Many riders will employ these add-ons in congested areas or in situations where a standard handcycle might not be permitted. Additionally, it is cheaper to start cycling this way. This kind of bike, however, is not intended for long journeys and has limited utility. 

The attachment-style bike is also available in models that support the use of an electric motor. The footrest down-tubes are where the handcycle is attached. Installing it can be challenging, but once

Source: New Mobility

Off-Road Handcycles

Off-road handcycles can be modified in a variety of ways, such as by moving the brake and shift levers to account for grip strength issues, arm or hand amputations, or other limitations. These handcycles can also make use of the adjustable grips and pedals mentioned above. Make sure the rider can use the braking system properly while modifying the pedals or grips. 
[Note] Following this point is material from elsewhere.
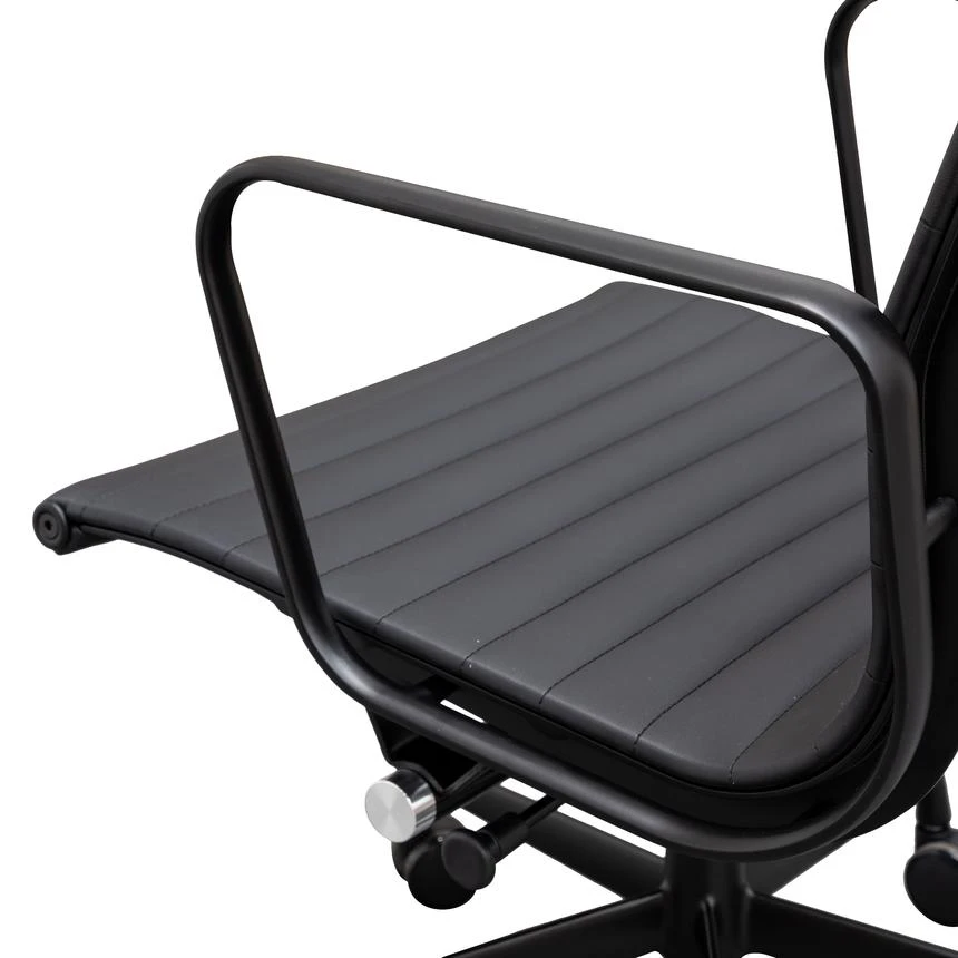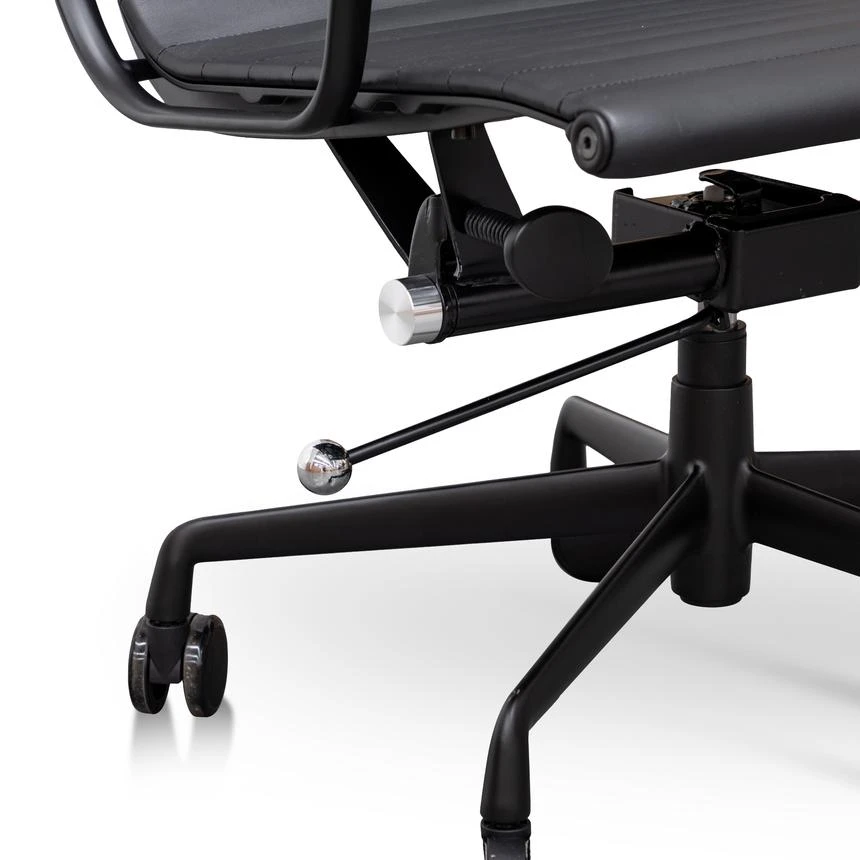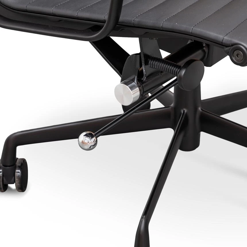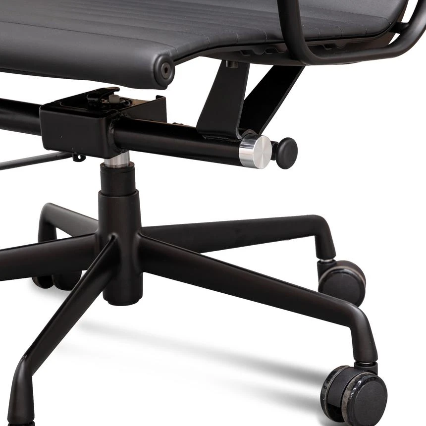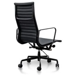 Upholstered in PU leather Steel frame, armrests and legs 360 degree swivel Adjustable gas-lift 1 year manufacturer’s warranty against defects Assembly required Note: This product is a thoughtful replica of Charles and Ray Eames’ iconic design and is not manufactured or affiliated with the original designer or distributor.

One of the crank pedals may have a braking mechanism built into some custom pedals and grips. There are three types of off-road handcycles: delta-style, tadpole upright (also known as recumbent upright), and tadpole prone.

Source: Reactive Adaption

Benefits of hand cycle for disabled

Wheelchair users may find it challenging to exercise in the conventional sense. They may have health problems, put on weight, and become depressed as a result of this. But all of that can be helped by hand-cycling for the disabled. Exercise delivered by hand-cycling releases endorphins into the body in addition to burning calories. They aid in the fight against depression. The secret to having a healthy body and mind is to stay active.

Additionally, handcycling is an outside activity. The sun’s rays absorb vitamin D, which supports mood regulation. Additionally, handcycling can be done in a group. Similar to many cyclists, handcyclists may discover communities to travel in. They might also like riding bicycles alongside their family, partner, or friends.

As was already said, handcycling promotes a person’s independence by allowing them the ability to travel and spend more time outside. Even though pulling a wheelchair is more difficult, many people still prefer handcycling because, once you get going on one, the gears help to ensure a smooth ride.

Find out more: 9 best outdoor activities for disabled adults.

How to ride a hand cycle for disabled

If you can normally transfer freely, you should eventually be able to get on a handcycle on your own. You might need assistance the first few times. The following are the steps to getting on a handcycle:

How to ride a hand cycle for disabled. Source: PA Centre for Adapted Sport

Safety and equipment: hand cycle for disabled

You should always use particular caution when riding any type of bicycle. Here are some pointers for maintaining safety:

Conclusion

Thanks to these benefits, cycling is a particularly good activity for people with disabilities. Hope you guys find out everything you need to know about hand cycle for disabled.